Al scanned the study and read aloud from the Bureau report: “‘Loners often purpose their actions behind an individual outlook or philosophy. The shooter believes he has a unique ability to isolate, focus, clarify, and act upon an outlook in much the same way that he targets his sights. From a psychological perspective, he is exerting his potency,’ he read.
Then he said, “America’s rich own the financial means to rise above ever needing to be in a level contact with others of lower status. Money insulates him from the thousand daily tasks that occupy most waking hours for most people. He travels in private airplanes. And this shooter has succeeded in touching the untouchables. THAT is power.”
Owen shrank from psychological analyses of the power-potency correlatives. Why couldn’t somebody just go to the Pentagon and at least get a list of snipers with big feet?
“‘Conditions or circumstances may have removed the shooter from his sense of potency, sexual or otherwise,’” Al read on. “‘By these attacks, he is re-establishing that potency.’”
He glanced around at the other two men and said, “This shooter has brought his Glory Days back to the US of A. Look at his respiration. The compact movements. No sign of equivocation and no visible evidence of excitement. He moves pantherlike, fluid, decisive, absolutely powerful. He has succeeded in fulfilling his highest and best function. And he will want to succeed again. OK. We know that we are tasked with nullifying a very lethal man. Major, walk us through just what capabilities we are up against.”
“Why is this up to the three of us?” Owen asked. “Am I missing something, or are there maybe five thousand more people after this guy?”

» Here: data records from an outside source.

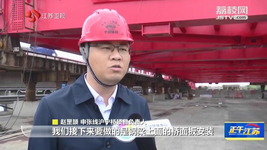 申張線滬寧橋項(xiàng)目負(fù)責(zé)人趙罡頡說:“鋼梁頂推完成以后,我們接下來要做的是鋼梁上面的橋面板安裝,同時(shí)要施工鋼梁兩側(cè)引橋的橋面系及其附屬結(jié)構(gòu)施工。”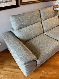 Caratteristiche: Versione in tessuto grigio (completamente sfoderabile), schienali reclinabili, struttura legno, imbottitura poliuretano, piedini design Brim in metallo nichel nero (H 14 cm).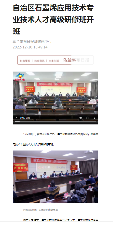 本次高级研修班的举办受到乌兰察布市电视台、乌兰察布日报融媒体中心等各界媒体的广泛关注。这次培训不仅拓宽了beat365教师的科研视野,同时也搭建了beat365与业界专家们联系和沟通的平台,专家们纷纷表示,今后将大力支持beat365在石墨烯领域的科学研究,助推beat365在产业学院建设、服务地方经济发展等方面创造更多成果。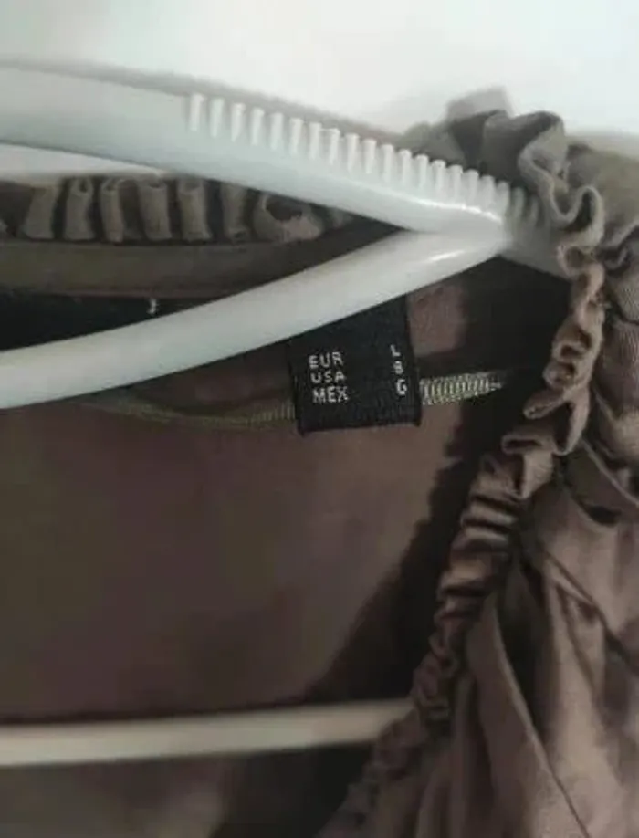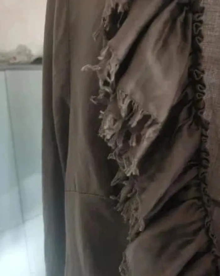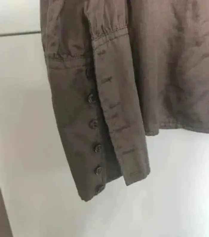 Très jolie blouse, chemisier à manches longues avec un tour de cou entièrement volanté, lien pour le garder plus ou moins ouvert au niveau du décolleté, pinces à la poitrine pour une jolie silhouette et 6 boutons à chaque manche pour un joli tombé sur le bras. Très très bon état, très peu mis, couleur bronze, taille L, acheté chez Mango à 59,95 euros. Longueur totale 68 cm #vulariFemmesL40 #vulariMango

Al Hurwitz leaned back and sighed. Despite a significant chance that their shooter was active military or recently discharged, Al agreed with Major Gonzalez; they would never get names from DOD. How to shadow the
NSA—that would be interesting.
“That’s fair,” Al conceded. “Between us, we have NYPD, FBI, and DOD contacts, but what we don’t have is ten tons of bureaucratic mishegas gumming up the works. Maybe, just maybe, we can get something done while the rest of them chase their own tails. We might as well try.”
Eduardo Gonzalez detailed the traits and training that went into a sniper Team Leader, or ATL, the improvisational capabilities, the math skills required to calculate shots or use the Pythagorean Theorem to establish position. The shooter would be an expert in the art of camouflage, able to blend into a flat desert, a lush jungle, or any urban setting. He would be patient enough to wait hours, days even, without books or music or entertainment, undetected, for the one moment when he could get the shot to complete his mission. He would have knowledge of explosives, from doughnut charges that opened doors, to C4 and Claymore mines to blow open walls to establish the backdoors he would need for escape. He would have security training; while the TLs and ATLs were primary shooters focused on mission targets, any threat to the team was security’s task to eliminate. He would be versed in the use and maintenance of multiple weaponry, from M24s, 110s, to the big boys, Barrett 50-caliber rifles with ranges to 3000 meters. He would know his pistols, too, and have had at least some time with automatic weaponry. He would be capable of recon work, with scout training, and be certified with MSID, satellite-assisted tactical reconnaissance, as well as short-range visual and auditory devices: spy stuff, basically.
If there were ten thousand soldiers capable of taking six targets inside twelve seconds without a miss, there might be only several hundred within hours of the Tri-State area. How many with size thirteens? With names, they could get to charge cards, car registrations, or any of the myriad data points that would quickly take pools of thousands and reduce these into specific packages. As it was, the shooter might be right under their noses.